The new Prospect Park West bike lane is so controversial that it has caused a war between the neighborhood’s icons of self-righteousness — parents and cyclists.
Drivers, of course, are up in arms, too (but who cares about them, anyway?).
The bike lane — still under construction from Grand Army Plaza to 15th Street
— has already eliminated one lane of car traffic, which has been converted into a two-way strip for bicycle travel.
That’s creating a problem for pedestrians, who are accustomed to only looking at the oncoming car traffic when crossing the street. Now, walkers have to worry about cyclists coming in both directions — and many of the two-wheelers are jerks.
“They think they own the road, they don’t stop when they’re crossing [an intersection],” said Rita Martinez, pushing her 2-year-old son into the park. “They always think they have the right of way — sometimes they’ll just scream to get out of the way when I’m pushing a stroller!”
Other Slopers had similarly frayed nerves.
“Even with the ‘Walk’ sign, I’m afraid to cross because bikers will just zoom by,” said Miriam Stern, another local with a 5-month-old kid.
Sure, it’s always the biker’s fault, isn’t it, mocked the Bike Snob, who literally wrote the book on the cycling worldand sees the latest kerfuffle as just another opportunity for non-cyclists to bash the two-wheelers.
“Obviously, cyclists should not shout at pedestrians who have the right of way,” said the Snob, Eben Weiss. “[But] if a pedestrian jaywalks while listening to an iPod or jockeying a smartphone, that’s also stupid.
“I think people tend to want to rub new bike lanes in cyclists’ face whenever a rider does something stupid on them, which is unfortunate,” he added.
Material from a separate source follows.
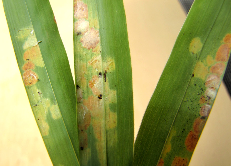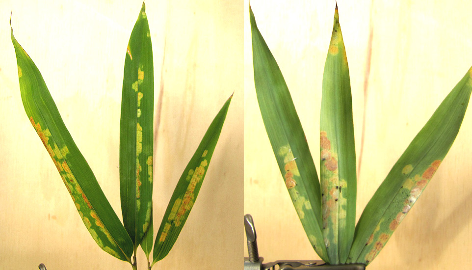 Bild 1 zeigt ein paar Blätter mit den charakteristischen Schäden, von der Oberseite (links) und von der Unterseite.

But cycling etiquette aside — the Prospect Park West bike lane was intended primarily as a “traffic calming” measure — albeit one that hasn’t calmed the stroller-pushers who can’t see over the parked cars that form a barrier between the two lanes of auto traffic and the Prospect Park West sidewalk.
“It’s hard to see cars in the street when you’re crossing with the stroller,” said Charlotte Barnett, a nanny in the neighborhood.
Yes, it’s war out there — but one that Department of Transportation spokesman Monty Dean predicted would reach a cease fire once everyone becomes accustomed to the new lane.
“These lanes can be instructive,” said Dean. “For instance, the city’s first protected bike path on Ninth Avenue [a Manhattan street] resulted in a 56-percent reduction of injuries to all street users — cyclists, pedestrians and motorists — and we’ve seen similar results along protected paths elsewhere [such as the Kent Avenue bike lane].”
Another agency spokesman added that 46 percent of bike traffic on Prospect Park West had been riding on the sidewalk on weekdays, presenting a danger to pedestrians. And 14 percent of cyclists were even riding against traffic, creating an even more hazardous situation.
“When complete, the new lanes will make bike travel more predictable and alleviate the chaotic patterns that long preceded the lane,” said the spokesman, Seth Solomonow.
Perhaps, but you do have to remember that we’re all New Yorkers here, added Noah Budnick of Transportation Alternatives, a cycling advocacy group.
“New Yorkers are always thinking about themselves — pushing their way onto the subway, or running red lights in their cars,” he said. “Failure to yield doesn’t only happen with cyclists.”